**SUPPLIED MATERIAL:**
== == ==

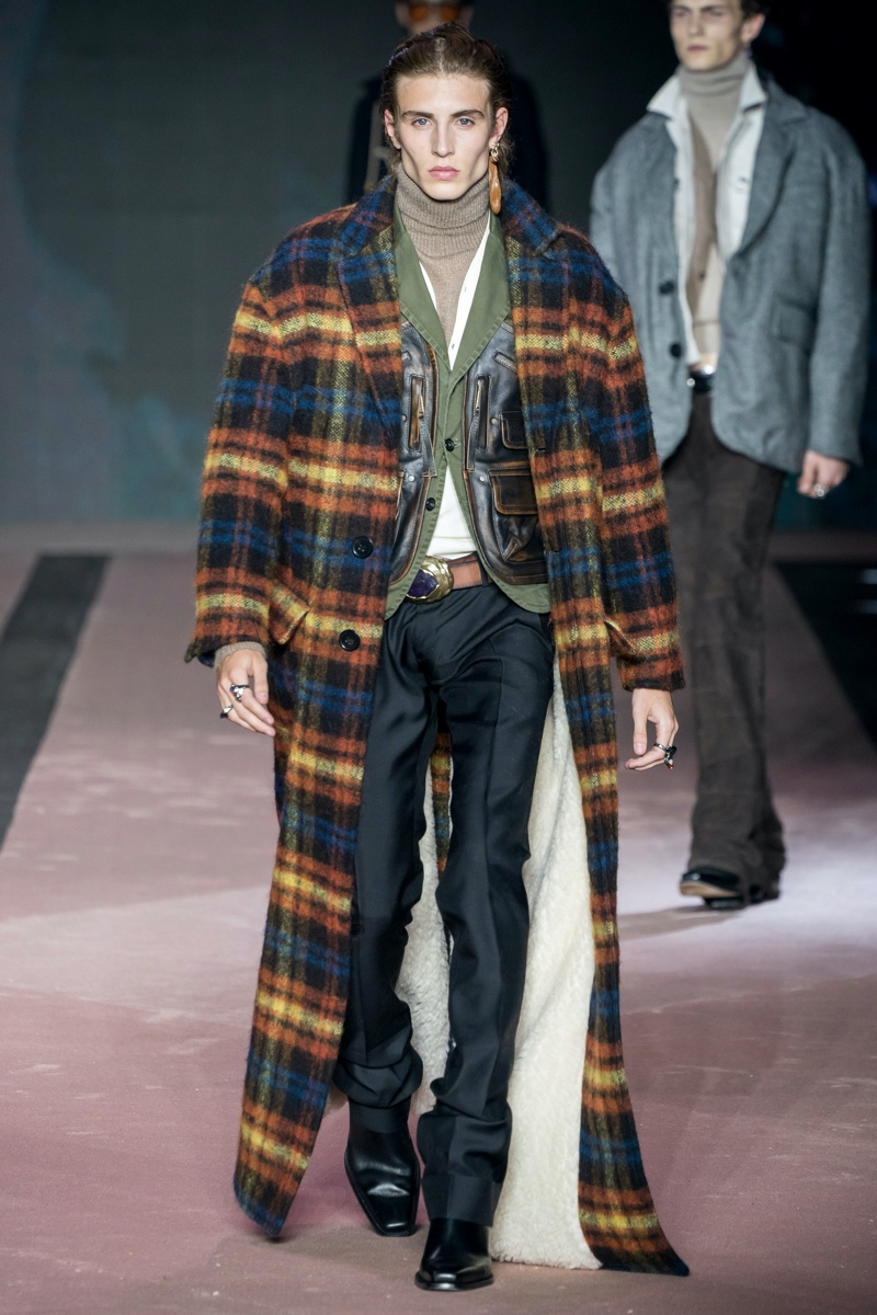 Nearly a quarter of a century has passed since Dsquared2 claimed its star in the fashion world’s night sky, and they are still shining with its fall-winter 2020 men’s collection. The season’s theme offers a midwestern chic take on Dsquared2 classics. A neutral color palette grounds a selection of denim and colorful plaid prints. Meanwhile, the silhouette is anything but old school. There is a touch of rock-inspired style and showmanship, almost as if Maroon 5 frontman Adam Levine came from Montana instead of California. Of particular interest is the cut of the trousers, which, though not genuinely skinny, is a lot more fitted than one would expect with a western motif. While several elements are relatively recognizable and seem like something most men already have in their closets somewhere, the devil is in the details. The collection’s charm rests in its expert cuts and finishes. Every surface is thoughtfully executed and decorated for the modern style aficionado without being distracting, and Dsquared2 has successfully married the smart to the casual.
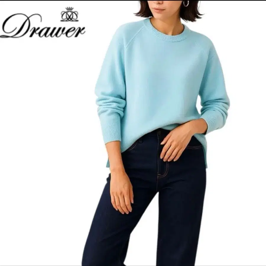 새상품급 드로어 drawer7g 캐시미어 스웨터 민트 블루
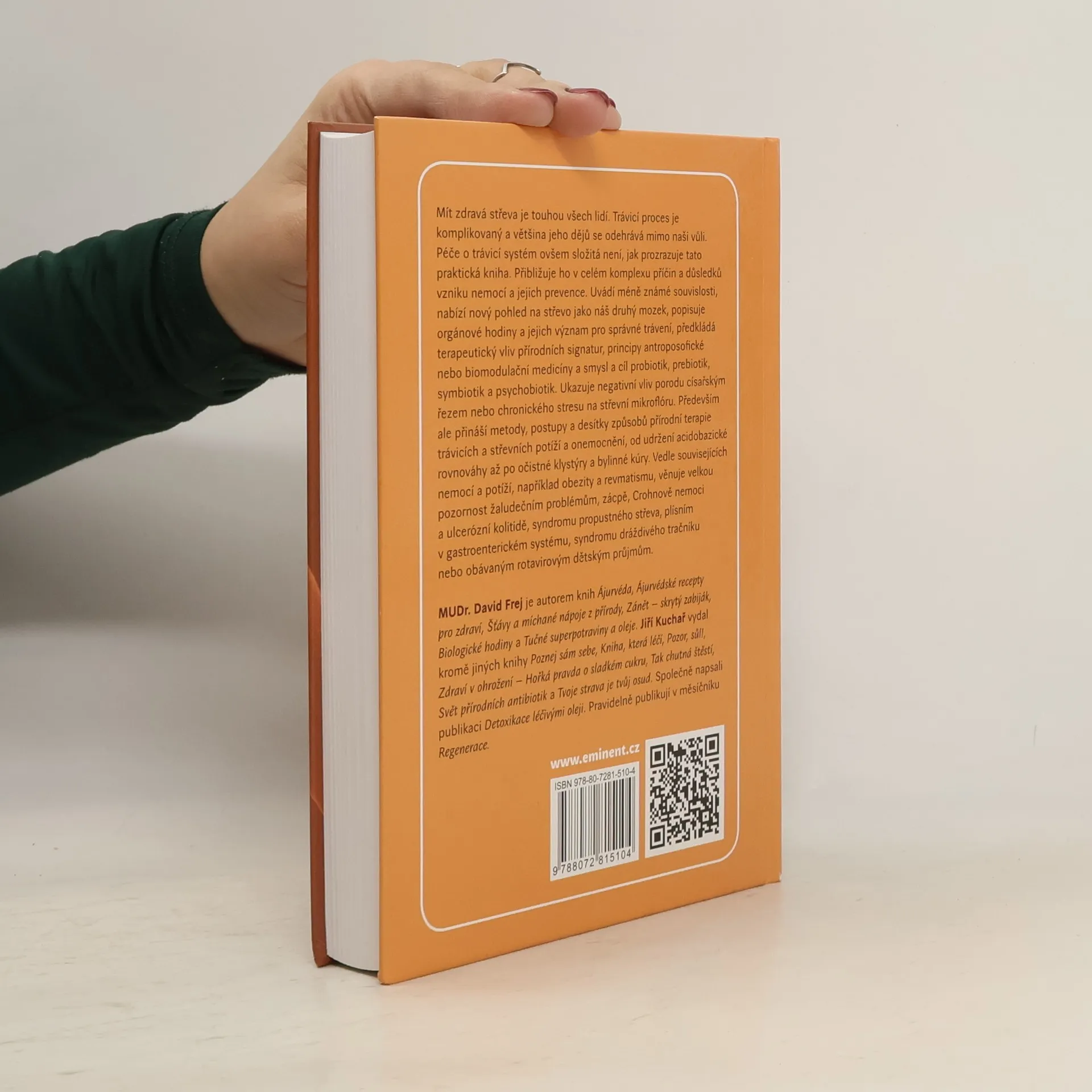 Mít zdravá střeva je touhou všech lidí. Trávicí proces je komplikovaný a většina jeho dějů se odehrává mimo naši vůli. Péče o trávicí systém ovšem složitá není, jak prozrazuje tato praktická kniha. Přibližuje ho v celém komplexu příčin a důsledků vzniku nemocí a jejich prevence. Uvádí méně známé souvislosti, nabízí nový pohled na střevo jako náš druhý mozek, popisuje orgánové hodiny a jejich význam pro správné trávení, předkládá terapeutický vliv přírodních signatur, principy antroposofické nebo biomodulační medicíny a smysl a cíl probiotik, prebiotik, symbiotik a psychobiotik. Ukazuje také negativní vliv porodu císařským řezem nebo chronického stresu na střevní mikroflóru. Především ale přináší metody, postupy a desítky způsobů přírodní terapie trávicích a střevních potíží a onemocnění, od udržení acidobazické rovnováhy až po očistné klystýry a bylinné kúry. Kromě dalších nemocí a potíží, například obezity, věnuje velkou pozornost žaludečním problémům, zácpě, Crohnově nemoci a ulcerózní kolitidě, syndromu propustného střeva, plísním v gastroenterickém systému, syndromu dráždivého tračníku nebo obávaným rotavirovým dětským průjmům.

== == ==

Word for word, output the lines from the beginning of the listing through the line holding "새상품급 드로어 drawer7g 캐시미어 스웨터 민트 블루" and nothing beyond them. Omit the pictures.

 Nearly a quarter of a century has passed since Dsquared2 claimed its star in the fashion world’s night sky, and they are still shining with its fall-winter 2020 men’s collection. The season’s theme offers a midwestern chic take on Dsquared2 classics. A neutral color palette grounds a selection of denim and colorful plaid prints. Meanwhile, the silhouette is anything but old school. There is a touch of rock-inspired style and showmanship, almost as if Maroon 5 frontman Adam Levine came from Montana instead of California. Of particular interest is the cut of the trousers, which, though not genuinely skinny, is a lot more fitted than one would expect with a western motif. While several elements are relatively recognizable and seem like something most men already have in their closets somewhere, the devil is in the details. The collection’s charm rests in its expert cuts and finishes. Every surface is thoughtfully executed and decorated for the modern style aficionado without being distracting, and Dsquared2 has successfully married the smart to the casual.
 새상품급 드로어 drawer7g 캐시미어 스웨터 민트 블루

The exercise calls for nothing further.